The index range scan returned 6 entries, as if it were a sparse index. We cannot create a sparse index on Oracle Database:
ora> db.test.dropIndex({ num: 1 })
{ nIndexesWas: 2, ok: 1 }
ora> db.test.createIndex({ num: 1 } , { sparse: 1 })
MongoServerError[MONGO-67]: Unsupported index option: sparse
Amazon DocumentDB (AWS)
AWS DocumentDB speaks the MongoDB wire protocol but is built on a completely different architecture. The storage layer is distributed like Aurora, replicated across three availability zones. The query planner and storage engine are specific to Amazon DocumentDB and deliver performance characteristics that differ from both MongoDB and standard PostgreSQL.
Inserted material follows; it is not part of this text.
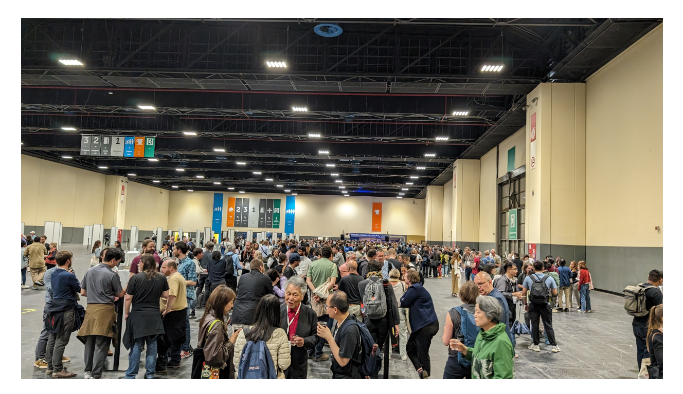
Figure 2: Poster Session

Due to his experience, nearly everything went very well with the tutorials, as far as I can say. We did select a good set of tutorials who attracted people from various areas. We received 20 submissions from which we selected 13 to be taught at the conference. Out of those three were introductory (one to an adjacent topic), and the majority presented cutting-edge topics. Unsurprisingly, a popular topic is large-language models, which are covered by multiple tutorials with varying perspectives on multimodality, evaluation, knowledge editing and control, hallucination, and bias. Other tutorials cover argument mining, semantic web, dialogue systems, semantic parsing, inclusion in NLP systems, and applications in chemistry. You can find the tutorial summaries at Klinger et al. (2024). I did attend two tutorials, one on knowledge editing and one on recognizing and mitigating hallucinations.

Non-sparse index on Amazon DocumentDB
The { num: { $exists: true } } query does not use the non-sparse index (created as db.test.createIndex({ num: 1 })) on Amazon DocumentDB (tested on version 8, planner version 3):
queryPlanner: {
plannerVersion: 3,
winningPlan: { stage: 'COLLSCAN', filter: { num: { '$exists': true } } }
},
executionStats: {
nReturned: '6',
executionTimeMillis: '14.121',
planningTimeMillis: '14.019',
executionStages: {
stage: 'COLLSCAN',
nReturned: '6',
executionTimeMillisEstimate: '0.025'
}
}
The index is completely abandoned. The planner chose a full collection scan.
Sparse index on Amazon DocumentDB
With the index created as db.test.createIndex({ num: 1 }, { sparse: true }), the index is used:
queryPlanner: {
plannerVersion: 3,
winningPlan: { stage: 'IXSCAN', indexName: 'num_1', direction: 'forward' }
},
executionStats: {
nReturned: '6',
executionTimeMillis: '10.034',
planningTimeMillis: '8.128',
executionStages: {
stage: 'IXSCAN',
nReturned: '6',
executionTimeMillisEstimate: '1.842',
indexName: 'num_1',
direction: 'forward'
}
}
Every entry in the sparse index provably satisfies $exists: true. It scans 6 index entries and returns 6 documents. While a sparse index is optional in MongoDB, it is mandatory in Amazon DocumentDB to use an index for this query at all.
Microsoft DocumentDB on PostgreSQL
Microsoft DocumentDB is implemented as an open-source PostgreSQL extension, accessed via the MongoDB wire protocol through a compatible endpoint.
With DocumentDB on PostgreSQL, a sparse index is not required for an optimal access path. I created the index as db.test.createIndex({ num: 1 }) and used a hint to force the index, since on a small collection the cost-based planner would otherwise prefer a sequential scan:
db.test.find(
{ num: { $exists: true } }
).hint("num_1").explain("executionStats")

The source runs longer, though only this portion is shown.